[Supplied records]
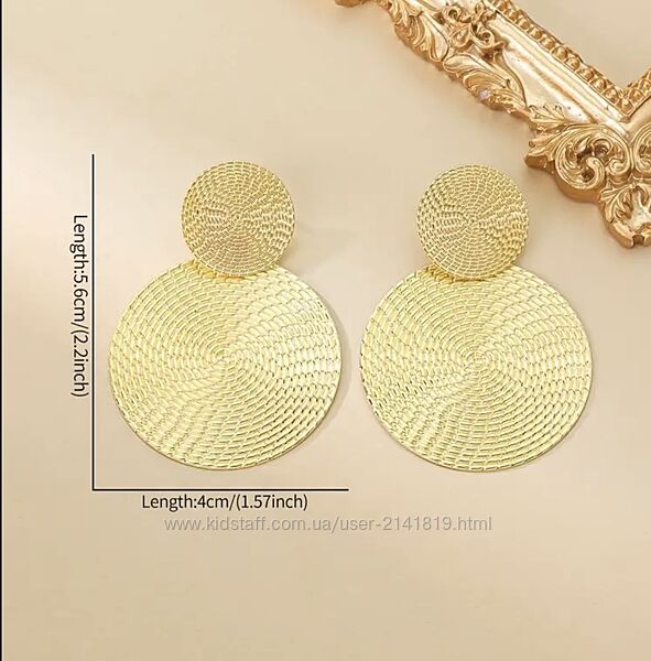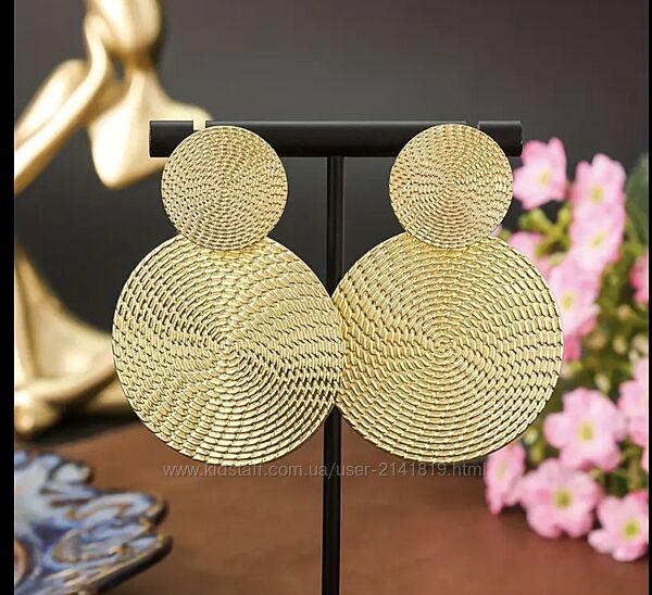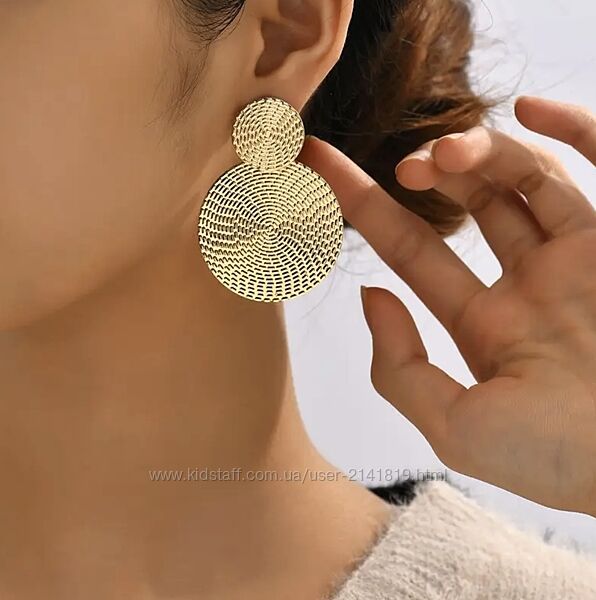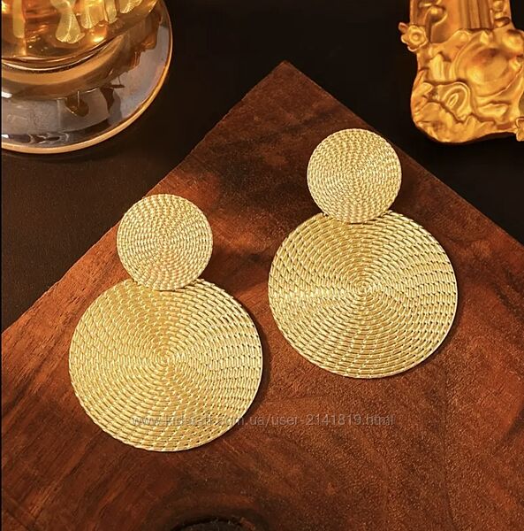 Подробное описание: Геометрические серьги круглой формы, золотистые серьги в виде круга
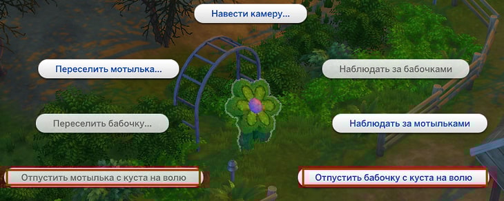 На кусте может жить только один вид бабочек или мотыльков! Чтобы освободить куст, нажмите на действие "Отпустить бабочку с куста на волю" или "Отпустить мотылька с куста на волю".
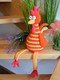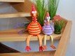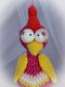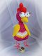 Du kannst jede Wolle verwenden die dir gefällt. Auch die Farben kannst du frei wählen. Ich habe mit Gründl cotton fun (der orangefarbene und der lila/bunte) mit Häkelnadel 3,5 mm oder Catania (der fliederfarbene) mit 2,5 mm gehäkelt. Meine Gockel sind ohne Beine ca. 20 - 30 cm hoch geworden.
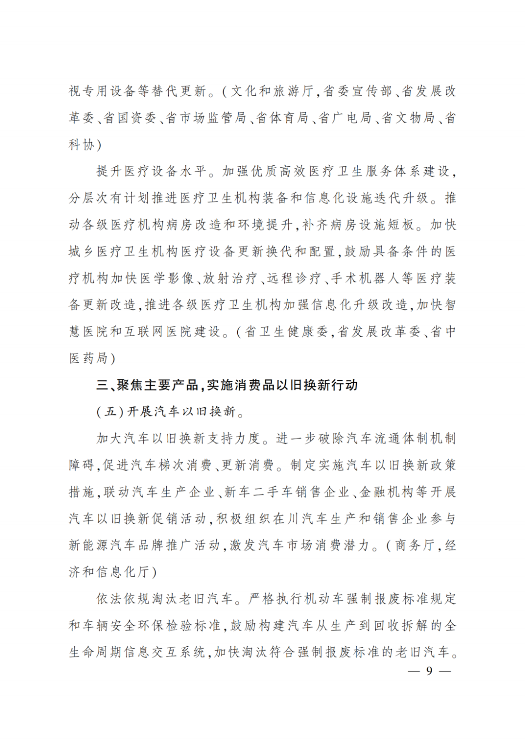 5月11日四川省人民政府網站發布關于印發《四川省推動大規模設備更新和消費品以舊換新實施方案》的通知。
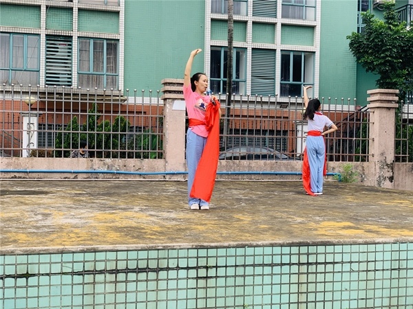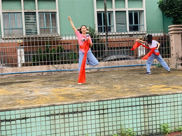 每個孩子的臉上都洋溢著燦爛的笑容,高年級的小朋友們學得快一些,動作有模有樣,踩著鼓點變化著腳步,揚起紅綢;低年級的弟弟妹妹們學得稍微慢一些,但跟著哥哥姐姐們搖擺著小手,跺著小腳,也是活力四射,精神滿滿。通過動感的音樂、豪邁的舞蹈動作,在舞蹈的過程中學生的全身心都沉浸在英雄好漢的豪邁情懷中,心中那份因疫情而沉寂的心情一下子被趕到九霄云外,因疫情而產生的小情緒都被動感的節(jié)奏所感染,孩子們個個都笑起來、跳起來、舞起來!
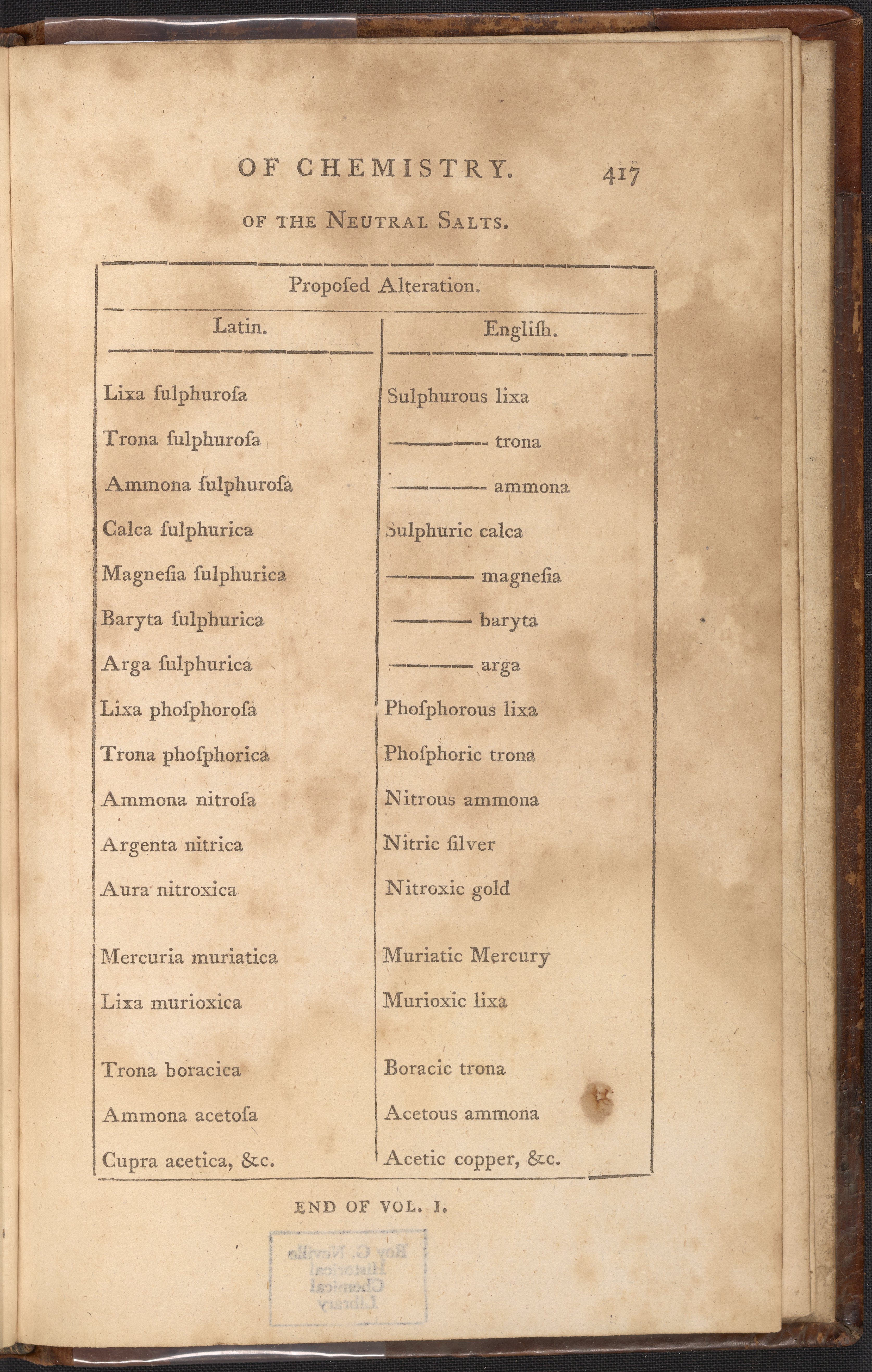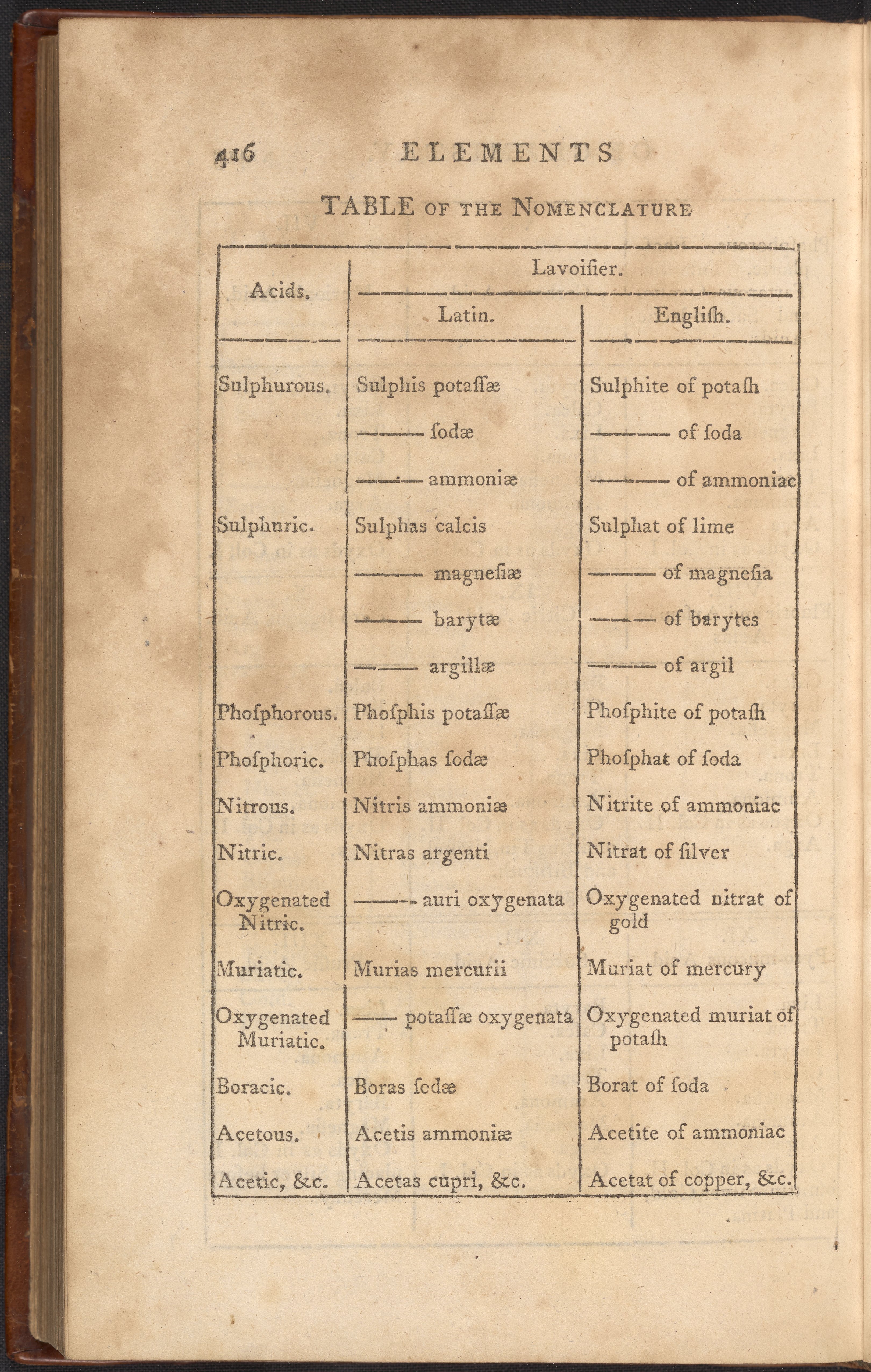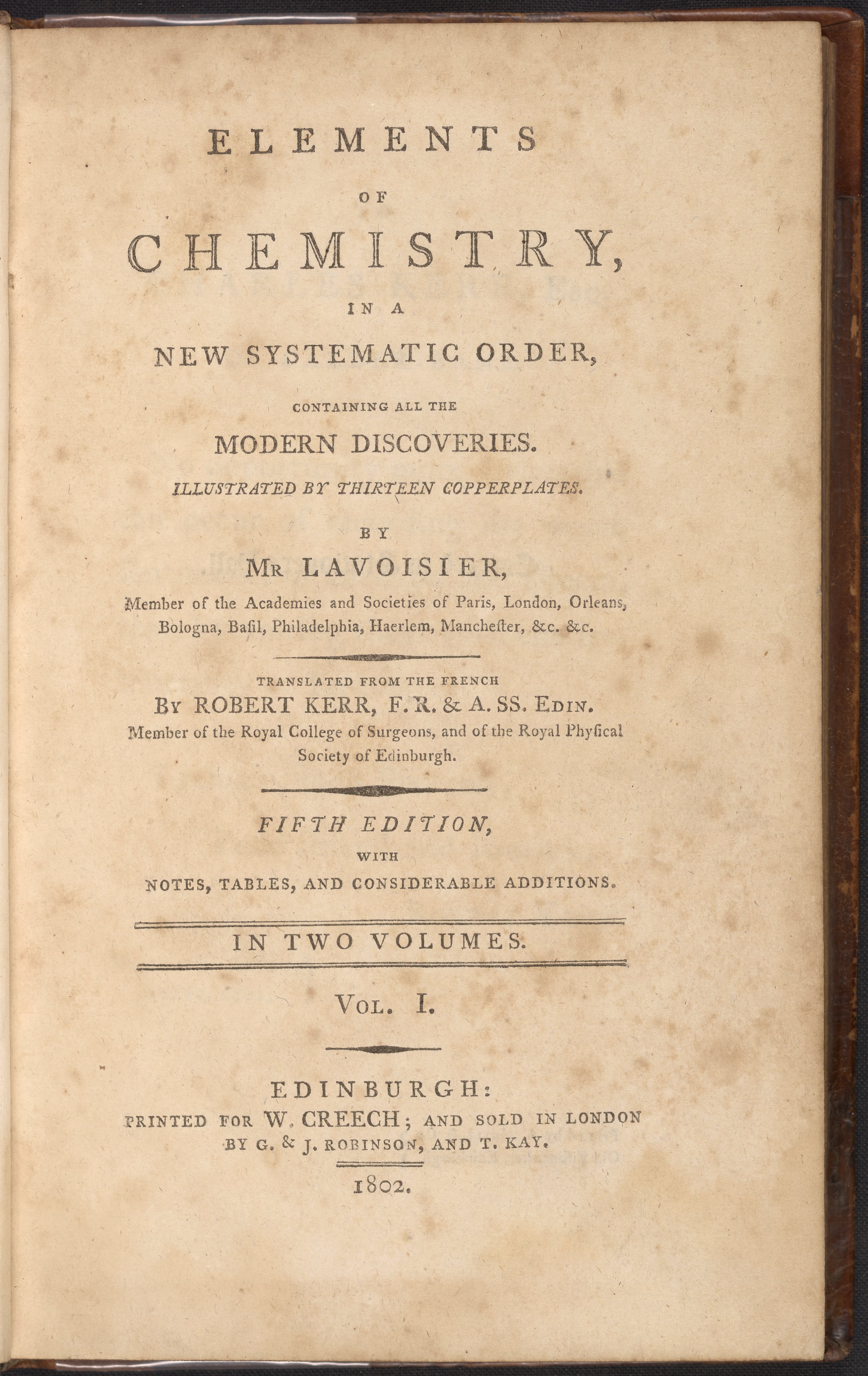 Lavoisier, Antoine Laurent. Elements of Chemistry : in a New Systematic Order, Containing All the Modern Discoveries Volume 1. Edinburgh, Scotland: William Creech, 1802. https://digital.sciencehistory.org/works/eqz1y6v.

[Aim of the task] The result should be all the records, retyped exactly, with no pictures among them.

[Result]
 Подробное описание: Геометрические серьги круглой формы, золотистые серьги в виде круга
 На кусте может жить только один вид бабочек или мотыльков! Чтобы освободить куст, нажмите на действие "Отпустить бабочку с куста на волю" или "Отпустить мотылька с куста на волю".
 Du kannst jede Wolle verwenden die dir gefällt. Auch die Farben kannst du frei wählen. Ich habe mit Gründl cotton fun (der orangefarbene und der lila/bunte) mit Häkelnadel 3,5 mm oder Catania (der fliederfarbene) mit 2,5 mm gehäkelt. Meine Gockel sind ohne Beine ca. 20 - 30 cm hoch geworden.
 5月11日四川省人民政府網站發布關于印發《四川省推動大規模設備更新和消費品以舊換新實施方案》的通知。
 每個孩子的臉上都洋溢著燦爛的笑容,高年級的小朋友們學得快一些,動作有模有樣,踩著鼓點變化著腳步,揚起紅綢;低年級的弟弟妹妹們學得稍微慢一些,但跟著哥哥姐姐們搖擺著小手,跺著小腳,也是活力四射,精神滿滿。通過動感的音樂、豪邁的舞蹈動作,在舞蹈的過程中學生的全身心都沉浸在英雄好漢的豪邁情懷中,心中那份因疫情而沉寂的心情一下子被趕到九霄云外,因疫情而產生的小情緒都被動感的節(jié)奏所感染,孩子們個個都笑起來、跳起來、舞起來!
 Lavoisier, Antoine Laurent. Elements of Chemistry : in a New Systematic Order, Containing All the Modern Discoveries Volume 1. Edinburgh, Scotland: William Creech, 1802. https://digital.sciencehistory.org/works/eqz1y6v.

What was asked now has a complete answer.